Ces tests concernent trois modèles hybrides rechargeables parmi les plus populaires en 2020, tous des SUV : le BMW X5, le Volvo XC60 et le Mitsubishi Outlander. Ceux-ci disposent respectivement d’une autonomie en tout électrique de 81, 35 et 45 km selon leurs constructeurs. Dans le cas présent, chaque véhicule a parcouru environ 90 km.
Surprise : sur ces trois modèles, il existe un écart entre les valeurs officielles et la réalité, même en démarrant en mode tout électrique avec une batterie pleine. Cela a conduit T&E à dénoncer un second scandale dans la lignée du dieselgate, bien que les constructeurs ne semblent pas ici utiliser de dispositifs truqueurs mais seulement profiter d’estimations optimistes quant aux distances parcourues en tout électrique.
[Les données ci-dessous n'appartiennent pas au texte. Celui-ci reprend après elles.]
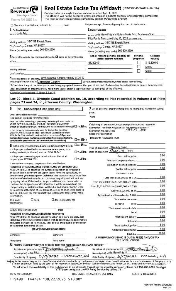 | 1 | 08/19/2025 | WD | Warranty Deed | JADA FRITZ | FRITZ FAMILY TRUST | | | | 144784 | |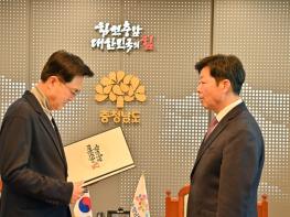 충남도는 24일 저녁 도청 접견실에서 박정주 신임 행정부지사가 김태흠 지사로부터 임명장을 받고 공식 업무에 들어갔다고 25일 밝혔다.홍성 출신인 박 부지사는 홍성고와 서울대를 졸업하고 1996년 제2회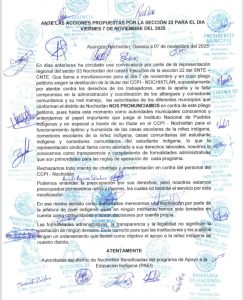 Asunción Nochixtlán, Oaxaca a 07 de noviembre del 2025. En días anteriores ha circulado una convocatoria por parte de la representación

Dans le détail, le BMW X5 est à la fois le modèle le moins émetteur en mode électrique (42,3 g/km en cycle mixte urbain et extra-urbain) mais aussi celui qui a affiché le taux d’émissions de CO2 le plus élevé en mode thermique (254,0 g/km) et en mode recharge de la batterie (384,6 g/km). De même, les deux autres modèles ont émis respectivement entre 115,3 et 241,8 g/km pour le XC60 et entre 85,8 et 216,1 g/km pour l’Outlander ; alors que leurs valeurs d’homologations s’élèvent à 71 g/km et 46 g/km.
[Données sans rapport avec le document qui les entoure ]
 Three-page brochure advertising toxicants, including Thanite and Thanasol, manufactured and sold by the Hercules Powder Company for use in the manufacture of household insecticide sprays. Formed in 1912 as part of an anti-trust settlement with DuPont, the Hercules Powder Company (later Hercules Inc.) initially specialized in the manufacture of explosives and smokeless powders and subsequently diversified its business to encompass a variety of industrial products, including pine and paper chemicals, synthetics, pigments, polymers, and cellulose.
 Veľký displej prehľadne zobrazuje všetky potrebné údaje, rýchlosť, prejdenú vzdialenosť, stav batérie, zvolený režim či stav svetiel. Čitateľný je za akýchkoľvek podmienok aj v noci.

Selon T&E, une fois passés en mode thermique, ces modèles ne peuvent parcourir que très peu de kilomètres avant de dépasser leurs valeurs d’émissions officielles, à savoir 11 km pour le X5, et 23 km pour le XC60 et 19 km pour l’Outlander. Pour respecter ces valeurs, ils ne doivent pas effectuer des trajets de plus de 61 à 86 km.
Une nécessaire évolution de la législation et de la fiscalité
Les différents commanditaires de ces études recommandent tous d’augmenter l’autonomie des véhicules, avec a minima 80-90 km, et d’en faire une condition pour l’accès à des dispositifs d’aide publique. Ils proposent également de réserver ces aides aux véhicules disposant d’ une borne de recharge à domicile. Attention toutefois à ne pas favoriser des véhicules avec de trop grandes autonomies, qui seraient alors trop lourds et donc plus polluants.
Ils suggèrent aussi d’utiliser des données de conduite en conditions réelles pour évaluer le respect des normes européennes d’émissions par les constructeurs européens, et de durcir les conditions d’attribution des supercrédits. L’UE prévoit en effet un facteur de multiplication de 0,7 dans le calcul des crédits attribués qui avantage les hybrides rechargeables.
L’ICCT recommande en outre aux gestionnaires de flotte de vérifier le comportement de leurs conducteurs avant de leur fournir un véhicule hybride rechargeable. Le cas échéant, il conviendrait d’encourager une recharge fréquente en autorisant l’utilisation illimitée d’électricité, tout en limitant le budget consacré à l’essence ou au diesel sur les cartes carburant.